How Databricks Powers Stantec’s Flood Predictor Engine

December 11, 2022

1

This can be a collaborative submit between Stantec and Databricks. We thank ML Operations Lead Assaad Mrad, Ph.D. and Knowledge Scientist Jared Van Blitterswyk, Ph.D. of Stantec for his or her contributions.

At Stantec, we got down to develop the primary ever fast flood estimation product. Flood Predictor is constructed upon a ML algorithm skilled on high-quality options. These options are a product of a characteristic engineering course of that ingests knowledge from quite a lot of open datasets, performs a collection of geospatial computations, and publishes the ensuing options to a characteristic retailer (Determine 1). Sustaining the reliability of the characteristic engineering pipeline and the observability of supply, intermediate, and resultant datasets guarantee our product can convey worth to communities, catastrophe administration professionals, and governments. On this weblog submit, we’ll clarify a few of the challenges we’ve encountered in implementing manufacturing grade geospatial characteristic engineering pipelines and the way the Databricks suite of options have enabled our small staff to deploy manufacturing workloads.

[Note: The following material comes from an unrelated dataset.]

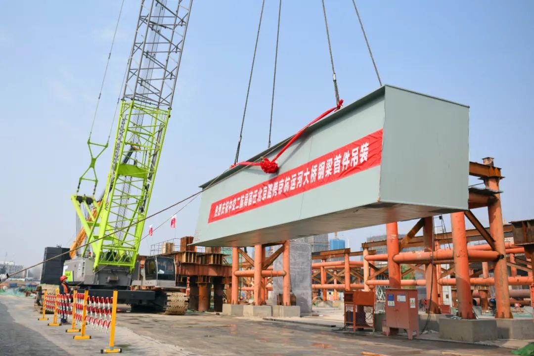 【高鐵公司】北京路快速化改造工程跨京杭運(yùn)河特大橋首節(jié)鋼梁順利吊裝
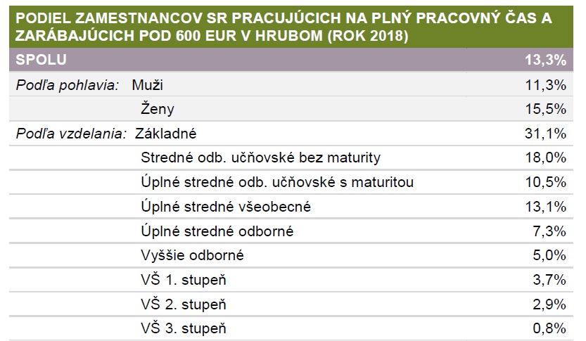 Na Slovensku totiž v roku 2018 zarábalo menej ako 600 EUR v hrubom 13,3 % zo všetkých zamestnancov pracujúcich na plný pracovný úväzok. Vyplynulo to z našich prepočtov na základe najaktuálnejších údajov Štatistického úradu SR. Hrubá mzda pod 600 EUR sa týkala viac žien ako mužov. Nakoľko v roku 2018 videlo na výplatnej páske v hrubom menšiu sumu ako 600 EUR až 15,5 % zo zamestnaných Sloveniek a 11,3 % zo zamestnaných Slovákov.

Figure 1: Data flow and machine learning overview for flood predictor from raw data retrieval to flood inundation maps. Re-used from [2211.00636] Pi theorem formulation of flood mapping (arxiv.org). — Determine 1: Knowledge move and machine studying overview for flood predictor from uncooked knowledge retrieval to flood inundation maps. Re-used from [2211.00636] Pi theorem formulation of flood mapping (arxiv.org).

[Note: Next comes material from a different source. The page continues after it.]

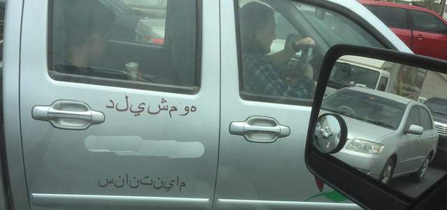 تسير هذه المركبة في أحد الطرق في دبي ومدوّن على أحد أبوابها حروف تعبر عن كلمات غير مفهومة، دون أي رقابة من الجهات المعنية، إذ ينبغي عدم منحها تصريح مزاولة أي نشاط تجاري أو ترخيصها قبل حذف أو تعديل هذه الكلمات، لذا أتمنى أن يتم مراقبة ومتابعة ما يكتب على المركبات قبل ترخيصها.

The abundance of distant sensing knowledge supplies the potential of fast, correct, and data-driven flood prediction and mapping. Flood prediction just isn’t simple, nevertheless, as every panorama has distinctive topography (e.g., slope), land use (e.g., paved residential), and land cowl (e.g., vegetation cowl and soil kind). A profitable mannequin can be explainable (engineering requirement) and common: in a position to carry out properly over a variety of geographical areas. Our preliminary method was to make use of direct derivatives of the uncooked knowledge (Determine 2) with minimal processing like normalization and encoding. Nevertheless, we discovered that the generalization of the predictions was not ample, mannequin coaching was computationally costly and the mannequin was not explainable. To handle these points, we leveraged Buckingham Pi theorem to derive a set of dimensionless options (Determine 3); i.e. options that don’t depend upon absolute portions however on the ratio of combos of hydrologic and topographic variables. Not solely did this scale back the dimensionality of the characteristic house, however the brand new options seize the similarity within the flooding course of throughout a variety of topographies and local weather areas.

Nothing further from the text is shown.